Problem to work on:
Please set down, exactly as written, the line containing "根据《浏阳市教育局关于选聘青" and every line after it through the end of the records.

========================

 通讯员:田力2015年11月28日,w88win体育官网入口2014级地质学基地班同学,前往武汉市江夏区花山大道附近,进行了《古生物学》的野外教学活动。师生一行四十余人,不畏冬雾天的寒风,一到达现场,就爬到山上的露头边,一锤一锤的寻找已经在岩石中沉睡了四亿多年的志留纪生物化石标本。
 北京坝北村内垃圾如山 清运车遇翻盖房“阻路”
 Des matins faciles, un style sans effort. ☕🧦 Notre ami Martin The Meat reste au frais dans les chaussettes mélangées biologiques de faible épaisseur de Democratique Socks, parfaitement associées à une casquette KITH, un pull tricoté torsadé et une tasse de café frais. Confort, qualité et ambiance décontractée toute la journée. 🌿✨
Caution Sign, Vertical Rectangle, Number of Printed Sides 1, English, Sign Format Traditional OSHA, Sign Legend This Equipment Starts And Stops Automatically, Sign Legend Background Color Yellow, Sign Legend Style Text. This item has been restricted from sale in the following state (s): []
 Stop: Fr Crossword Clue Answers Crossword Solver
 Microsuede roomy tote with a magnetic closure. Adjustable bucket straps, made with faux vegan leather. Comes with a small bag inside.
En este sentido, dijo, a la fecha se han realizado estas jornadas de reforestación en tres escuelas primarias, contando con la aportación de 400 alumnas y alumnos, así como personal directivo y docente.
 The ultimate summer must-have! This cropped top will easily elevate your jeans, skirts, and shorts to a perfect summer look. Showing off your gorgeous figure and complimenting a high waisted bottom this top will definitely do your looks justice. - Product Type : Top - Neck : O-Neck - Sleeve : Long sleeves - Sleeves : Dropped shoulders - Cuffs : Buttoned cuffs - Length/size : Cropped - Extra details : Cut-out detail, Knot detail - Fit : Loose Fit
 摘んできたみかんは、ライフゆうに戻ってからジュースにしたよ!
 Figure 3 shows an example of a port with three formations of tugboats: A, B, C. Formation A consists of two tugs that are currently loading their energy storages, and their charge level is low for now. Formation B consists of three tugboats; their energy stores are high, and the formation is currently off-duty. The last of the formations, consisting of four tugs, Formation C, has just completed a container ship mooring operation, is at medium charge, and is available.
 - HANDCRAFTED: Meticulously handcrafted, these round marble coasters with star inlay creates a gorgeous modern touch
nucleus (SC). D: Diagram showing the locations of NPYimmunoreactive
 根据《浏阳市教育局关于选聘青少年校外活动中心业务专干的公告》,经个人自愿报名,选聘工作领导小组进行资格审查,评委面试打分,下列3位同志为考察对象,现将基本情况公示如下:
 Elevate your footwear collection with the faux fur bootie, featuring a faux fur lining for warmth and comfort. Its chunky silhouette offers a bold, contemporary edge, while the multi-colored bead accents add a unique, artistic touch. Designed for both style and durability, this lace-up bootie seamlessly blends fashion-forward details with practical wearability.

========================

Completed task:
 根据《浏阳市教育局关于选聘青少年校外活动中心业务专干的公告》,经个人自愿报名,选聘工作领导小组进行资格审查,评委面试打分,下列3位同志为考察对象,现将基本情况公示如下:
 Elevate your footwear collection with the faux fur bootie, featuring a faux fur lining for warmth and comfort. Its chunky silhouette offers a bold, contemporary edge, while the multi-colored bead accents add a unique, artistic touch. Designed for both style and durability, this lace-up bootie seamlessly blends fashion-forward details with practical wearability.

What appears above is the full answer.